Carlos Slim’s America Movil (AMX) expects to launch its mandatory takeover offer for Telekom Austria (TA) within two to three weeks and to secure regulatory approvals within the next four to eight weeks.
Speaking during a conference call on the…
Carlos Slim’s America Movil (AMX) expects to launch its mandatory takeover offer for Telekom Austria (TA) within two to three weeks and to secure regulatory approvals within the next four to eight weeks.
Speaking during a conference call on the Mexican telco’s first quarter results, AMX CEO Daniel Hajj said: “We are expecting the regulatory approvals to be in place anywhere in the next four weeks, eight weeks, probably”.
Hajj said the public tender offer could be outstanding “for some time”, pending regulatory approvals.

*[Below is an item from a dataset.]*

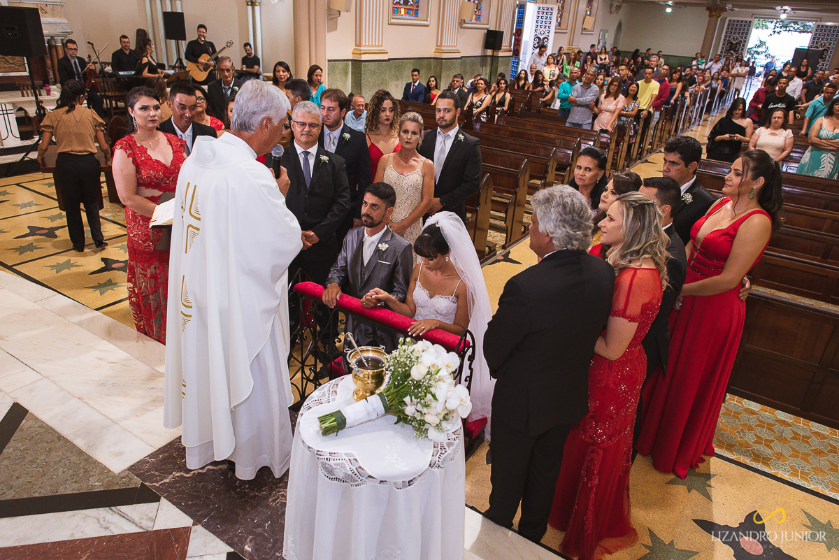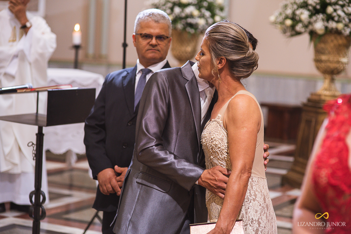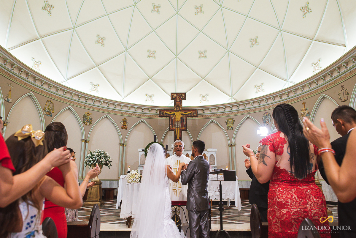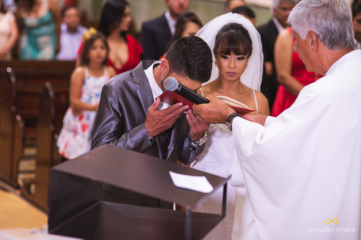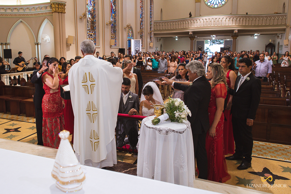 Com passos firmes e sorridente, Denise caminhou de braços dados com sua mãe e após um abraço de despedida, encontrou Wender que lhe deu um beijo respeitoso na testa. Agora enfim, caminhavam juntos rumo ao altar. O padre nos concedeu uma palavra muito bonita e encorajadora e fez questão de convidar os padrinhos para juntos abençoar o casal, além de lhes lembrar suas responsabilidades enquanto padrinhos.

He added that the company also needs to see how the capital increase at TA goes, noting that it could be done at the same time as the tender offer.
AMX and Austrian state holding OeIAG entered into a shareholders agreement last month which gives them a combined 55% stake in TA, triggering a mandatory takeover offer under Austrian law.
The Mexican telco will also offer €7.15 share for all outstanding shares.
The Austrian competition authority announced on 29 April that it had received formal notification of the deal.
As part of the agreement, AMX will support a capital increase of €1bn at TA to strengthen its financial position. AMX CFO Carlos Jose Garcia Moreno said the company expects to consolidate TA by the third quarter of this year. He stressed that the TA deal will not significantly affect AMX’s leverage, despite it taking on “a bit” more debt, or ability to engage in other M&A transactions. He said AMX has plenty of liquidity right now, partly thanks to reshuffling its investment portfolio, which has included reducing its stake slightly in Dutch telco KPN.
Moody’s said its A2 and A3 senior unsecured domestic and foreign ratings for AMX and subsidiaries remain unchanged following the signing of the shareholders pact.
“In our estimates, AMX’s leverage measured by total adjusted debt to adjusted EBITDA will not materially increase from its current 2.0x level at the end of FY 2013 as the maximum additional amount that AMX is likely to disburse as a result of this transaction is around €715m, which can be funded with the cash balance AMX currently holds,” Soummo Mukherjee, a senior credit officer with the ratings agency said.